MK is pleiotropic, capable of exerting activities such as cell proliferation, cell migration, angiogenesis and fibrinolysis. A molecular complex containing receptor-type tyrosine phosphatase zeta (PTPζ), low density lipoprotein receptor-related protein (LRP1), anaplastic leukemia kinase (ALK) and syndecans is considered to be its receptor.
Role in cancer
MK appears to enhance the angiogenic and proliferative activities of cancer cells. The expression of MK (mRNA and protein expression) has been found to be elevated in multiple cancer types, such as neuroblastoma, glioblastoma, Wilms’ tumors, thyroid papillary carcinomas, colorectal, liver, ovary, bladder, breast, lung, esophageal, stomach, and prostate cancers. Serum MK in normal individuals is usually less than 0.5-0.6 ng/ml, whereas patients with these malignancies have much higher levels than this. In some cases, these elevated levels of MK also indicate a poorer prognosis of the disease, such as in neuroblastoma, gliablastoma, and bladder carcinomas. In neuroblastoma, for example, the levels of MK are elevated about three times the level in Stage 4 of the cancer (one of the final stages) than they are in Stage 1.
In neuroblastoma, MK has been found to be over expressed in the cancer cells that are resistant to chemotherapeutic drugs. The resistance to chemotherapy seems to be reversible by administering chemo-resensitization drugs, such as verapamil, which acts not via MK alteration, but by inhibiting the P-glycoprotein pump that exports cytotoxins out of cells. Since chemotherapeutic drugs are cytotoxic, the drugs administered are also exported by this pump, rendering the chemotherapy ineffective. It has been found that when the neuroblastoma cells that are resistant to chemotherapy are grown in co-culture with the wild type (WT), or chemotherapy-sensitive cells, the resistance to chemotherapy is conferred to the wild type cells, and thus no cell death or senescence occurs in either cell type, despite the chemotherapeutic treatment. MK has been identified as one of the factors that “transfers” this chemoresistance from the resistant cells to the WT cells.
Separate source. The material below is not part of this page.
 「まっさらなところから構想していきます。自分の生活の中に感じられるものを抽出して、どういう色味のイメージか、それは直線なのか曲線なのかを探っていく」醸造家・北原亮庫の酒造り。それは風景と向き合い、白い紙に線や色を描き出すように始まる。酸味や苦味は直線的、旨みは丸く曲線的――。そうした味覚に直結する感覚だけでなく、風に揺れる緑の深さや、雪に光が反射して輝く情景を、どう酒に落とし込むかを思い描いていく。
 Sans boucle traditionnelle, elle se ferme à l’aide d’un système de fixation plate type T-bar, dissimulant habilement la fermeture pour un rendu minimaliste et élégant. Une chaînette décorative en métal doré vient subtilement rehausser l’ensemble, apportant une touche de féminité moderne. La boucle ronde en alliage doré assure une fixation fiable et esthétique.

MK is a secreted protein, and is therefore found in the microenvironment (media) of the resistant neuroblastoma cells. Following co-culture experiments and the determination that MK was one of the factors that was conferring chemo-resistance to the wild, non-resistant cell type, the gene for MK was transfected into WT cells to determine if MK was overexpressed in the WT cells themselves, would the cells become resistant to chemotherapy independent of resistant cell influence. The tests further confirmed that MK specifically increased chemotherapeutic resistance in the transfected WT-MK cells versus regular WT cells, confirming the specific chemoresistant properties of MK.
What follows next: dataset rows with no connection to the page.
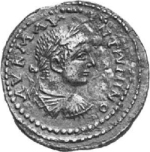 laureate, draped and cuirassed bust of Elagabalus, right, seen from rear
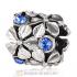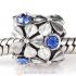 Sterling Silver Buttercup Flower European Beads with Aquamarine Austrian Crystal
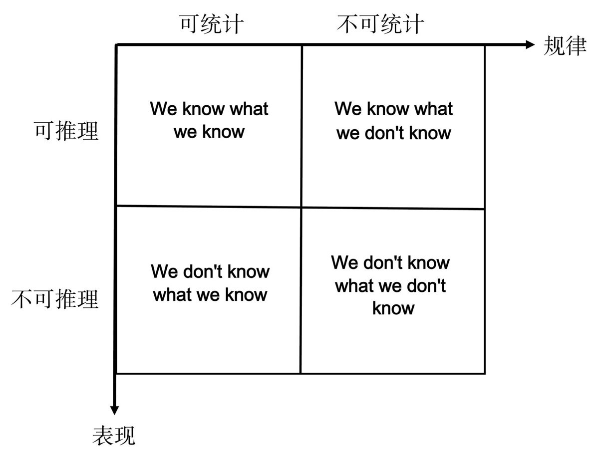- 第四类(We don't know what we don't know):这类问题我们既不知道它蕴含的规律,也没有办法统计出任何有规律的特征。
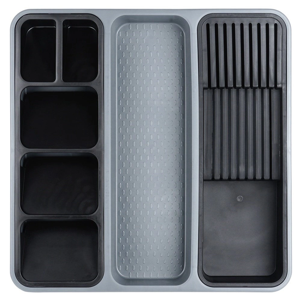 Usporiadajte svoju kuchyňu behom chvíľky. Tento sivý organizér s rozmermi 40 × 40 × 5 cm ponúka šikovné rozvrhnutie priehradiek vrátane vyberateľných vložiek – jedna je určená až pre 9 nožov, druhá pre prehľadné triedenie príborov. Vďaka tomu zostane každý kus na svojom mieste a v zásuvke bude vždy poriadok.
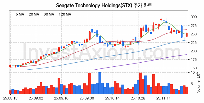 미국 주식 분석, Seagate Technology Holdings (STX) 주가 차트 분석과 주식 기간 수익률 및 변동성 분석 (2025-11-24)
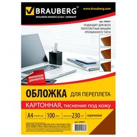 Обложки для переплета BRAUBERG, комплект 100 шт., тиснение под кожу, А4, картон 230 г/м2, коричневые
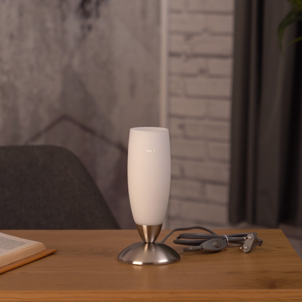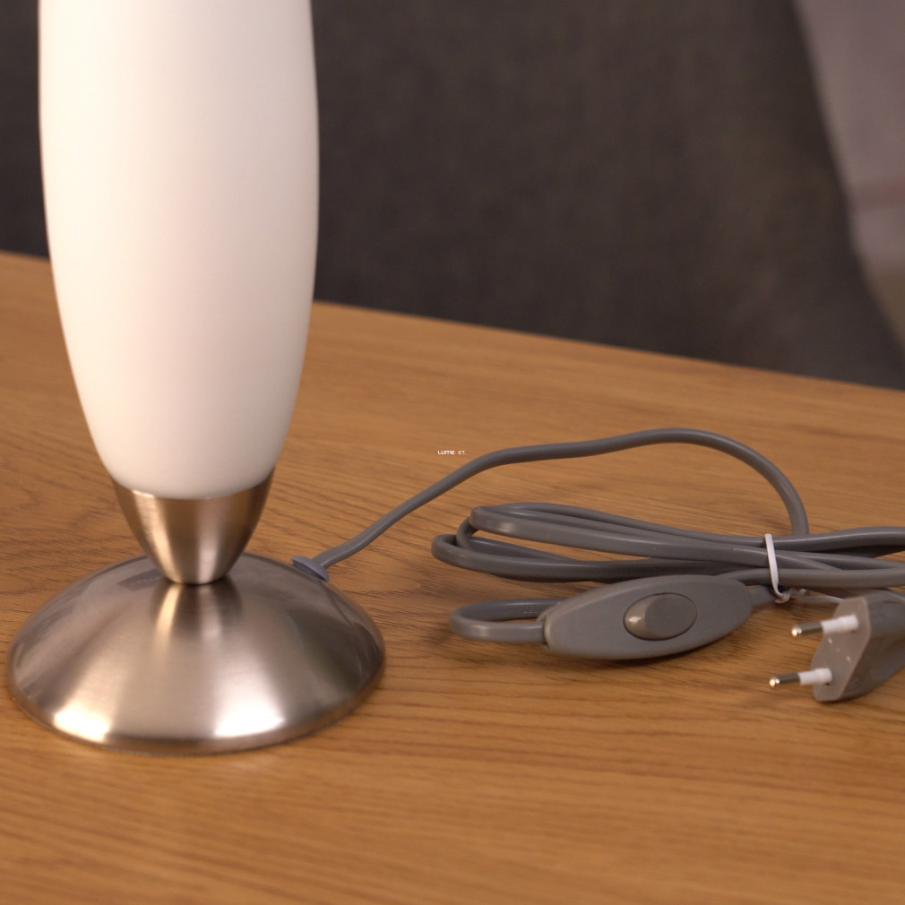 Az Eglo Slim 82305 kehely alakú asztali lámpa modern stílusával és letisztult formavilágával illeszkedik a korszerű otthoni vagy irodai környezetekhez. A lámpatest 22 cm magasságú, átmérője 7 cm, anyaga acél és üveg, színe fehér és ezüst. Egy darab E14 foglalattal rendelkezik, amely cserélhető fényforrással működik, a fényforrás nem tartozék. A kapcsolás zsinórkapcsolóval történik, a lámpa nem szabályozható. A termék IP20-as védettségi besorolással rendelkezik, így beltéri használatra ajánlott. A csomagolás méretei: 11 cm szélesség, 10 cm hosszúság, 20 cm magasság, a lámpa tömege 0,5 kg. A logisztikai kód 82305, a gyártó az EGLO.
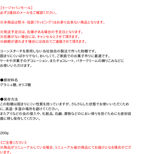 日新製糖 粉糖Z-200 200g ×10個 はコチラ >>【イージャパンショッピングモール】内のみのお買い物は、送料一律でどれだけ買っても同梱する事が出来ます。
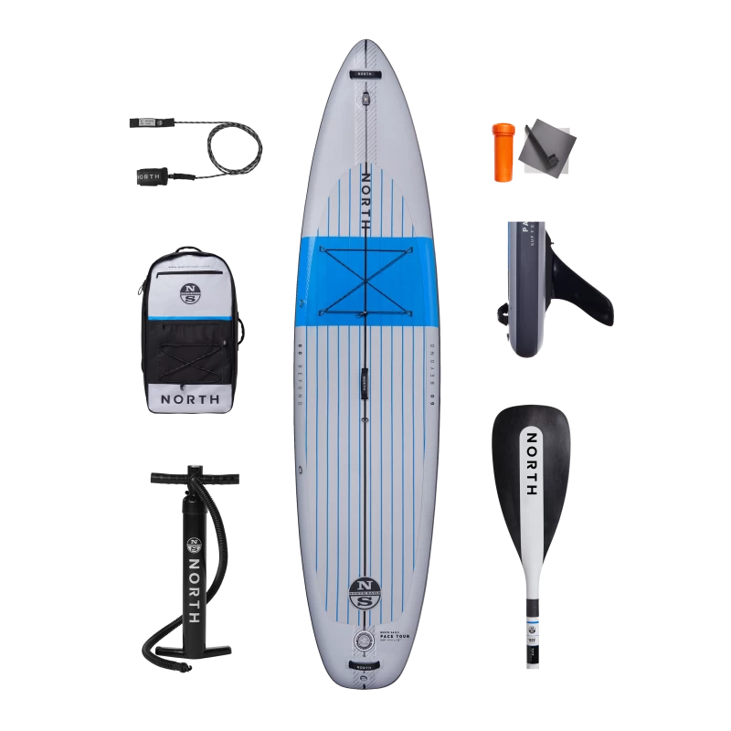 Includes (fallback): Paddle, leash, fin, pump, transport bag, repair kit

In addition, the mechanism for such anti-apoptotic (anti-cell death) activity was studied, specifically using the chemotherapeutic Doxorubicin (Adriamycin) on osteosarcoma (Saos2) cells. Doxorubicin works by putting rampant cancer cells into a senescent state. MK, in WT-MK transfected cells versus WT cells, seemed to activate PKB (Akt), mTOR, and Bad protein, while it inactivated caspase-3. PKB, mTOR, and Bad are all elements associated with the cell cycle survival pathway, whereas caspase-3 is important in the apoptotic pathway (cell death). This indicates that MK caused the cells to initiate the survival pathway (via PKB, mTOR, and Bad activation) and inhibit the senescent or apoptotic pathway (via inhibiting caspase-3) encouraging the chemoresistance seen in resistant cells and in the co-culture experiments. The activation and inhibition of these particular factors clearly is maintaining the immortal quality inherent in cancer cells and specifically in the resistant cell types. Stat-3, however, which is another survival pathway factor, does not appear to have any change in activation between the wild type cells and the MK-transfected WT cells, as was initially believed from a previous study.
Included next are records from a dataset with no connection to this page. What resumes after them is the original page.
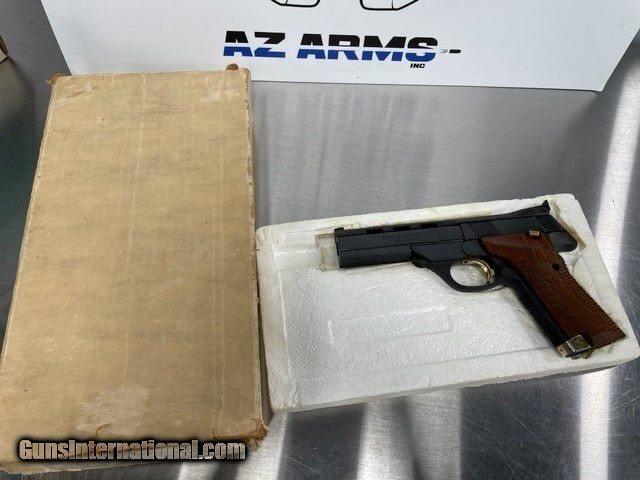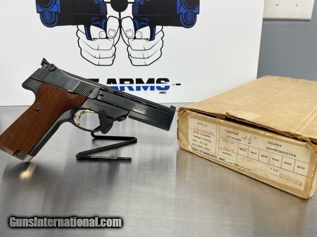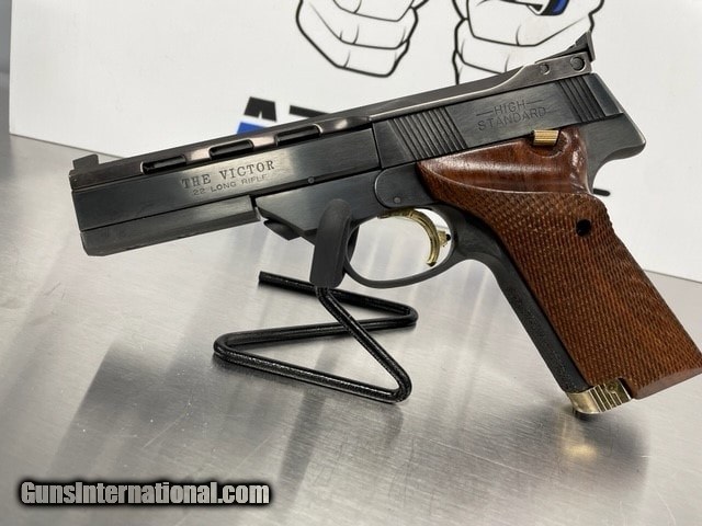 Description: Guns Listing ID: 483437 22-caliber pistol built from stainless steel. Has interchangeable barrels in 4.5in length. Barrels have full length ventilated ribs, checkered walnut grips with thumb rest. Gold plated trigger is adjustable. This firearm is new and unfired comes in original box. This is truly a rare find. SOLD Manufacturer: HIGH STANDARD Model: THE VICTOR Caliber Info: 22 LR Condition: Used - Non-Certified Barrels: 4.5 BARREL Finish: BLACK /W WOOD STOCK |
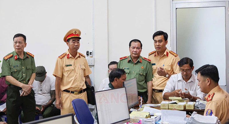 Thiếu tướng Nguyễn Văn Thuận (đứng thứ 2 bên phải), Giám đốc Công an TP Cần Thơ, kiểm tra việc tiếp nhận hồ sơ cấp giấy phép lái xe cơ giới đường bộ tại Trung tâm Phục vụ hành chính công TP Cần Thơ. Ảnh: CTV
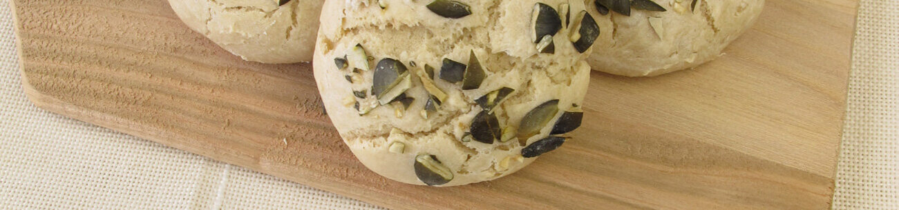 8 Portionen zu Kugeln formen, auf ein Backblech legen und die Oberfläche kreuzweise einschneiden. Mit Wasser bepinseln, dann mit 2–3 EL gehackten Kürbiskernen und etwas Mehl bestreuen und ca. 15 Min. gehen lassen. Backofen auf 220 °C (Umluft 200 °C) vorheizen, ein feuerfestes Schälchen mit kochendem Wasser mit in den Backofen stellen. Sobald sich Schwaden bilden, auf mittlerer Schiene ca. 20 Min. backen.
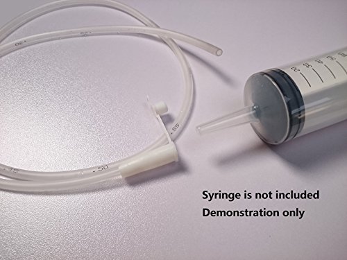 Lunghezza 97 cm Lunghezza tubo/tubo in silicone, con Mark (25,30,35,40,45,50,55,60 cm) CI sono 3 fori in lunghezza del tubo 1 cm, 6 cm, 11 cm, se non serve, basta tagliare fuori. Non è necessario adattatore extra per collegare tubo 150 ml/200 ml siringa con questa parte, il tubo ha una connessione per esso. Basta premere la siringa in. Imballaggio: singolo Grip Bag

MK may potentially be indirectly targeted as a cancer treatment as a result of its cancerous proliferation properties. Drugs by the name of anti-cancer aptamers have been created to inhibit to proteins involved in MK’s cancer cell “activation”. Specifically, the extra-cellular matrix (ECM) protein nucleolin has been targeted with an aptamer that would bind nucleolin and prevent MK from being transported into cancerous cell nuclei, preventing the protein from enhancing the cancerous properties of the cell.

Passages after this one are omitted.